Docker GPU is detectable:
docker run --rm --gpus all nvidia/cuda:12.0.0-base-ubuntu20.04 nvidia-smi
Sat May 6 09:39:11 2023
±--------------------------------------------------------------------------------------+
| NVIDIA-SMI 530.41.03 Driver Version: 530.41.03 CUDA Version: 12.1 |
|-----------------------------------------±---------------------±---------------------+
| GPU Name Persistence-M| Bus-Id Disp.A | Volatile Uncorr. ECC |
| Fan Temp Perf Pwr:Usage/Cap| Memory-Usage | GPU-Util Compute M. |
| | | MIG M. |
|=========================================+======================+======================|
| 0 NVIDIA GeForce RTX 4090 L… Off| 00000000:01:00.0 Off | N/A |
| N/A 42C P0 32W / N/A| 6MiB / 16376MiB | 0% Default |
| | | N/A |
±----------------------------------------±---------------------±---------------------+

±--------------------------------------------------------------------------------------+
| Processes: |
| GPU GI CI PID Type Process name GPU Memory |
| ID ID Usage |
|=======================================================================================|
±--------------------------------------------------------------------------------------+

running on:
- Asus ROG STRIX 18 with RTX 4090
- Ubuntu 22.04 LTS

specs

  • installed
    • nvidia-driver-530
    • nvidia-cuda-toolkit
    • nvidia-container-toolkit-base
    • docker
    • nvidia-docker2

diagnostics

hardware:

cat /proc/cpuinfo | grep "model name" -m 1
model name : 13th Gen Intel(R) Core™ i9-13980HX

dmidecode -t 2
SMBIOS 3.5.0
Base Board Information
Manufacturer: ASUSTeK COMPUTER INC.
Product Name: G834JY

lspci | grep -e VGA
0000:00:02.0 VGA compatible controller: Intel Corporation Device a788 (rev 04)
0000:01:00.0 VGA compatible controller: NVIDIA Corporation Device 2757 (rev a1)

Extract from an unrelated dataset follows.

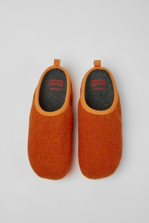 αποκλειστικές γυναικείες παντόφλες Camper Wabi πορτοκαλί μπλε και λευκές από ανακυκλωμένο μαλλί

nvidia-settings -q CUDACores -t
9728

nvidia-smi
Sat May 6 12:17:10 2023
±--------------------------------------------------------------------------------------+
| NVIDIA-SMI 530.41.03 Driver Version: 530.41.03 CUDA Version: 12.1 |
|-----------------------------------------±---------------------±---------------------+
| GPU Name Persistence-M| Bus-Id Disp.A | Volatile Uncorr. ECC |
| Fan Temp Perf Pwr:Usage/Cap| Memory-Usage | GPU-Util Compute M. |
| | | MIG M. |
|=========================================+======================+======================|
| 0 NVIDIA GeForce RTX 4090 L… Off| 00000000:01:00.0 Off | N/A |
| N/A 39C P0 N/A / N/A| 6MiB / 16376MiB | 0% Default |
| | | N/A |
±----------------------------------------±---------------------±---------------------+

±--------------------------------------------------------------------------------------+
| Processes: |
| GPU GI CI PID Type Process name GPU Memory |
| ID ID Usage |
|=======================================================================================|
| 0 N/A N/A 2783 G /usr/lib/xorg/Xorg 4MiB |
±--------------------------------------------------------------------------------------+

software:

lsmod | grep nvidia
nvidia_wmi_ec_backlight 16384 0
nvidia_uvm 1433600 0
nvidia_drm 77824 2
nvidia_modeset 1273856 3 nvidia_drm
nvidia 55750656 99 nvidia_uvm,nvidia_modeset
drm_kms_helper 200704 3 drm_display_helper,nvidia_drm,i915
drm 581632 19 drm_kms_helper,drm_display_helper,nvidia,drm_buddy,nvidia_drm,i915,ttm
wmi 32768 4 nvidia_wmi_ec_backlight,asus_wmi,wmi_bmof,mfd_aaeon

docker version
Version: 23.0.5
API version: 1.42
OS/Arch: linux/amd64

nvcc --version
nvcc: NVIDIA (R) Cuda compiler driver
Copyright (c) 2005-2021 NVIDIA Corporation
Built on Thu_Nov_18_09:45:30_PST_2021
Cuda compilation tools, release 11.5, V11.5.119
Build cuda_11.5.r11.5/compiler.30672275_0

It seems you are not passing the --gpus all argument in the first command:

docker run --env TF_ENABLE_ONEDNN_OPTS=0 -it --rm tensorflow/tensorflow:latest-gpu python -c “import tensorflow as tf; print("Num GPUs Available: ", len(tf.config.list_physical_devices(‘GPU’)))”

Could you add --gpus all to this command and verify that it also finds no gpus?